= WORK INSTRUCTION =
Please copy exactly the part of the records below that opens with the line containing "Corten, es un" and closes with the line containing "Boia Inflável Limão", leaving out any pictures.

= AVAILABLE DATA =
######
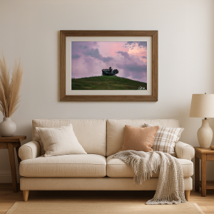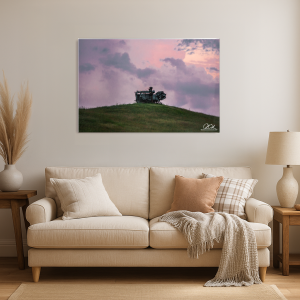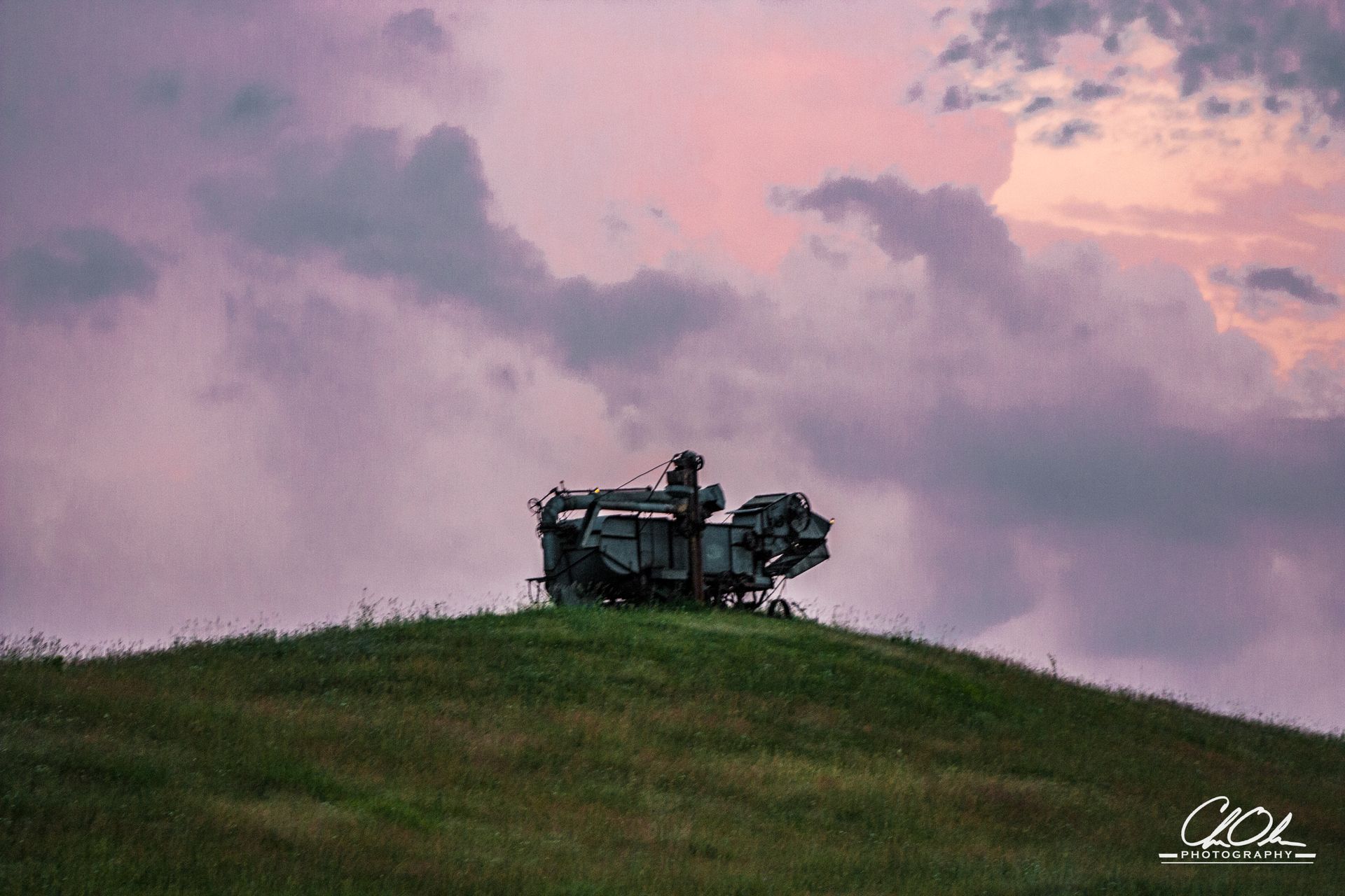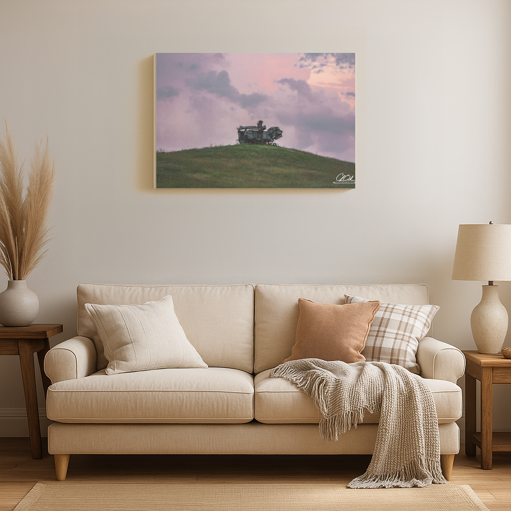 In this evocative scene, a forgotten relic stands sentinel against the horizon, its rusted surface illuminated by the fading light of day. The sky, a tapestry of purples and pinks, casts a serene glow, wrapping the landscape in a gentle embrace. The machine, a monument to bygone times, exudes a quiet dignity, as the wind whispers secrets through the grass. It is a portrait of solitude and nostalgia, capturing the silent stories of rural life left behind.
######
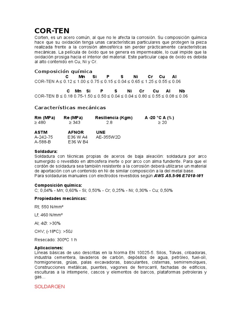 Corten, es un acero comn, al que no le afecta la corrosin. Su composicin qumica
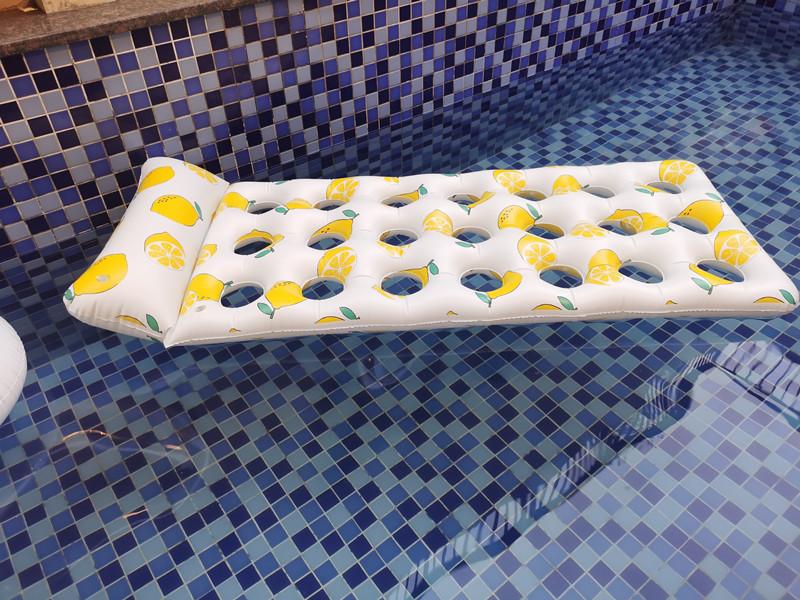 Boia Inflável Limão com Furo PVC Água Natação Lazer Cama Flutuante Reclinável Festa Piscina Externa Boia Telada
######
= EXERCISE RESULT =
 Corten, es un acero comn, al que no le afecta la corrosin. Su composicin qumica
 Boia Inflável Limão com Furo PVC Água Natação Lazer Cama Flutuante Reclinável Festa Piscina Externa Boia Telada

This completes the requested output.